Bitmap values contains both rwo / column values. Details on how row and column are combined to derive positions in the bitmap are documented in respective (*Bitmap)Mutex and (*Bitmap)BSI methods
When saving key/value pairs we use (*pebble.Batch)Merge. And a custome value merger that only performs (*Bitmap)Or that is inlined. With this design we ensures that batch flushes are very fast and very efficient.
Index ¶
- Constants
- type Cond
- type FieldsData
- type FilterData
- type FilterSet
- type ScanConfig
- type ScanData
- type Timeseries
- func (ts *Timeseries) Add(m *models.Model) error
- func (ts *Timeseries) Close() error
- func (ts *Timeseries) Find(ctx context.Context, field models.Field, id uint64) (value string)
- func (ts *Timeseries) Get() *pebble.DB
- func (ts *Timeseries) Realtime(domain string) (visitors uint64)
- func (ts *Timeseries) Save() error
- func (ts *Timeseries) Scan(views []*roaring.Bitmap, filterSet FilterSet, valueSet *bitset.BitSet) (data []ScanData)
- func (ts *Timeseries) ScanGlobal(field models.Field, domain string, ...)
- func (ts *Timeseries) Search(field models.Field, prefix []byte, f func(key []byte, value uint64))
- func (ts *Timeseries) Select(ctx context.Context, values *bitset.BitSet, domain string, ...)
- func (ts *Timeseries) Shards(views iter.Seq[time.Time]) []*roaring.Bitmap
- func (ts *Timeseries) Translate(field models.Field, value []byte) uint64
Constants ¶
const ShardWidth = 1 << 20
Variables ¶
This section is empty.
Functions ¶
This section is empty.
Types ¶
type FilterData ¶ added in v1.6.0
type FilterData [models.SearchFieldSize]*roaring.Bitmap
type FilterSet ¶ added in v1.6.0
type FilterSet [models.SearchFieldSize]Cond
func (*FilterSet) ScanFields ¶ added in v1.6.0
ScanFields returns a set of all fields to scan for this filter.
type ScanConfig ¶ added in v1.6.0
type ScanData ¶ added in v1.6.0
type ScanData struct { Views map[uint64]*FieldsData Columns *roaring.Bitmap }
type Timeseries ¶ added in v1.5.1
type Timeseries struct {
// contains filtered or unexported fields
}
func New ¶ added in v1.5.1
func New(db *pebble.DB) *Timeseries
func (*Timeseries) Close ¶ added in v1.5.1
func (ts *Timeseries) Close() error
func (*Timeseries) Get ¶ added in v1.5.1
func (ts *Timeseries) Get() *pebble.DB
func (*Timeseries) Realtime ¶ added in v1.6.0
func (ts *Timeseries) Realtime(domain string) (visitors uint64)
Realtime computes total visitors in the last 5 minutes.
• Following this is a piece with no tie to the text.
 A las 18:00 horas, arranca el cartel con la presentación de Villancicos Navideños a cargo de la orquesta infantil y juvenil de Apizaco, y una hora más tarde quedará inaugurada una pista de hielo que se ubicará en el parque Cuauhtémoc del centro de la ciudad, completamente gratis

We make a few assumptions to ensure this call is very fast and efficient.
- Only current shard is evaluated: A shard comprises about 1Million events. We assume that a site will have less than this unique visitors in a 5 minute span.
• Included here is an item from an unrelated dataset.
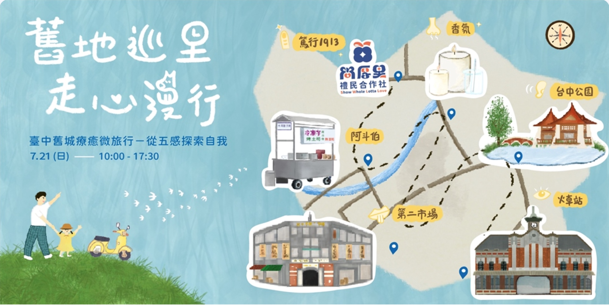 我們會面對許多挑戰,而感到疲憊、受傷,甚至痛苦的時刻,這時喘口氣... 讓身心都休息一下,找回自己與世界的連結,整理自己的同時透過小旅行步行其中,全程會在一位諮商心理師的陪同下徒步走過台中火車站、台中公園、台中第二市場與篤行1913,通過視覺、聽覺、味覺、嗅覺、觸覺來感受台中舊城區帶來的一線生機,這將會是一場身心靈的療癒,並且能從中獲得一些啟發和能量♥️

We call this periodically but continuously when a user is on website dashboard. Covering only one shard strickes a balance to ensure responsiveness in UI and observation of useful insight.
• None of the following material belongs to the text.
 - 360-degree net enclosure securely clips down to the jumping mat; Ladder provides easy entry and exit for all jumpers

We can always adjust the number of shards we evaluate if we need to.
func (*Timeseries) Save ¶ added in v1.5.1
func (ts *Timeseries) Save() error
func (*Timeseries) ScanGlobal ¶ added in v1.6.0
func (ts *Timeseries) ScanGlobal(field models.Field, domain string, f func(shard uint64, columns, ra *roaring.Bitmap))
ScanGlobal reads bitmaps for the field that belongs to domain in a global key space Global key space has time resolution of 0.
Useful to compute aggregates across all shards like total visitors to a website since we received first event.
f is called with the shard and ra which should not be modified as its memory is borrowed and will be invalidated in the next call to f. If you want to own ra please call ra.Clone().
We store global bitmaps for all fields. Right now we only use this to display website's visitors on sites home dashboard.